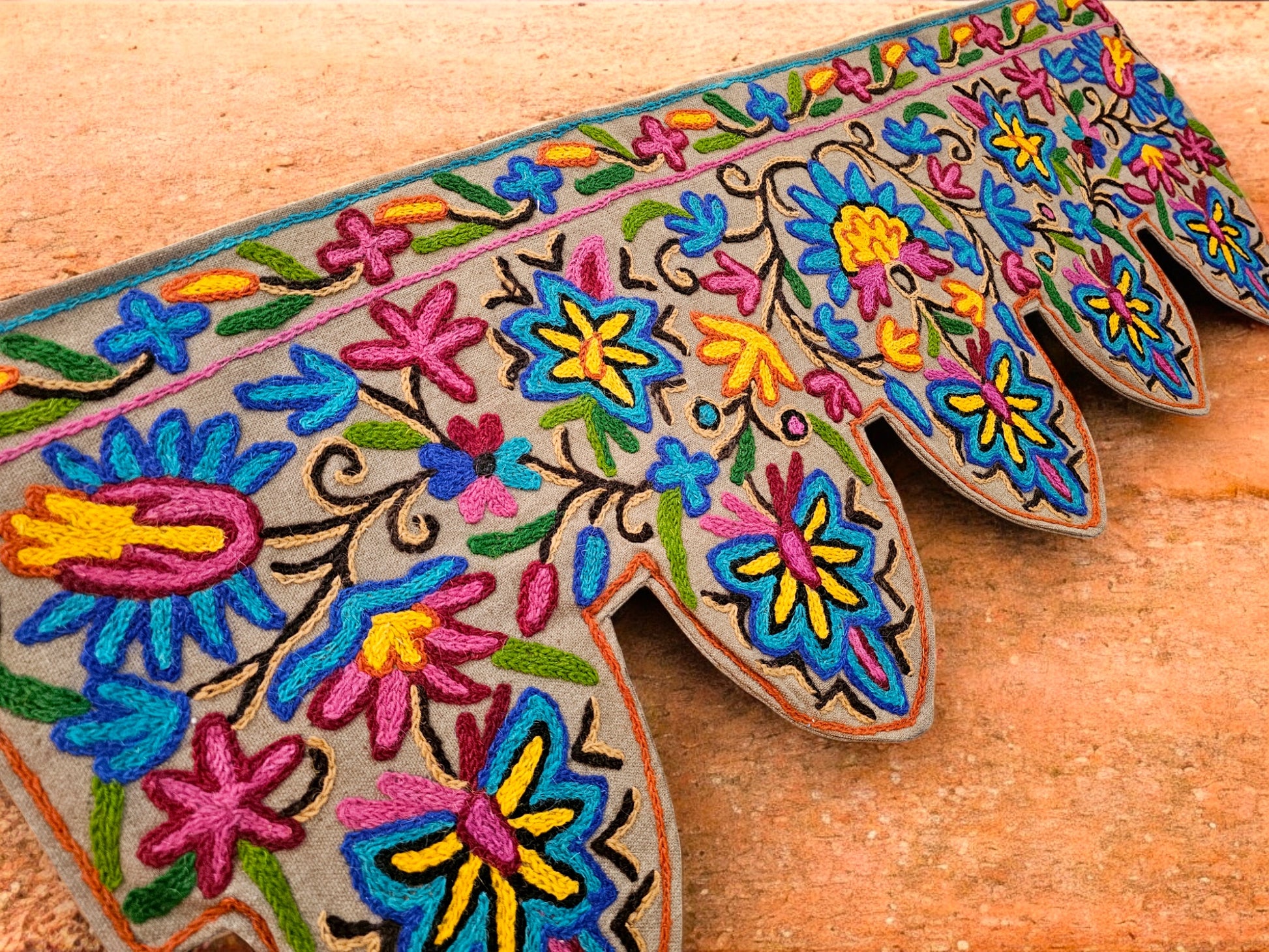 Kashmiri Toran Door Valance 39" Hand-Embroidered Floral Cotton & Wool Banner Crewel embroidery, Boho Wall/Window Decor
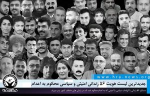 به گزارش خبرگزاری هرانا، ارگان خبری مجموعه فعالان حقوق بشر در ایران، دستکم ۵۶ زندانی محکوم به اعدام از بابت اتهامات سیاسی یا امنیتی در زندان های سراسر کشور محبوس هستند.
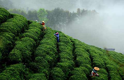 Farmers work at a tea garden in Zhaoping county, Hezhou city, Guangxi Zhuang autonomous region, Mar 15, 2015. [Photo/IC] |

========================

(Task details):
The lines to be transcribed are those from the first line of the data above through the line holding "به گزارش خبرگزاری", inclusive; copy them exactly and only, leaving out the pictures.

(Result):
 Kashmiri Toran Door Valance 39" Hand-Embroidered Floral Cotton & Wool Banner Crewel embroidery, Boho Wall/Window Decor
 به گزارش خبرگزاری هرانا، ارگان خبری مجموعه فعالان حقوق بشر در ایران، دستکم ۵۶ زندانی محکوم به اعدام از بابت اتهامات سیاسی یا امنیتی در زندان های سراسر کشور محبوس هستند.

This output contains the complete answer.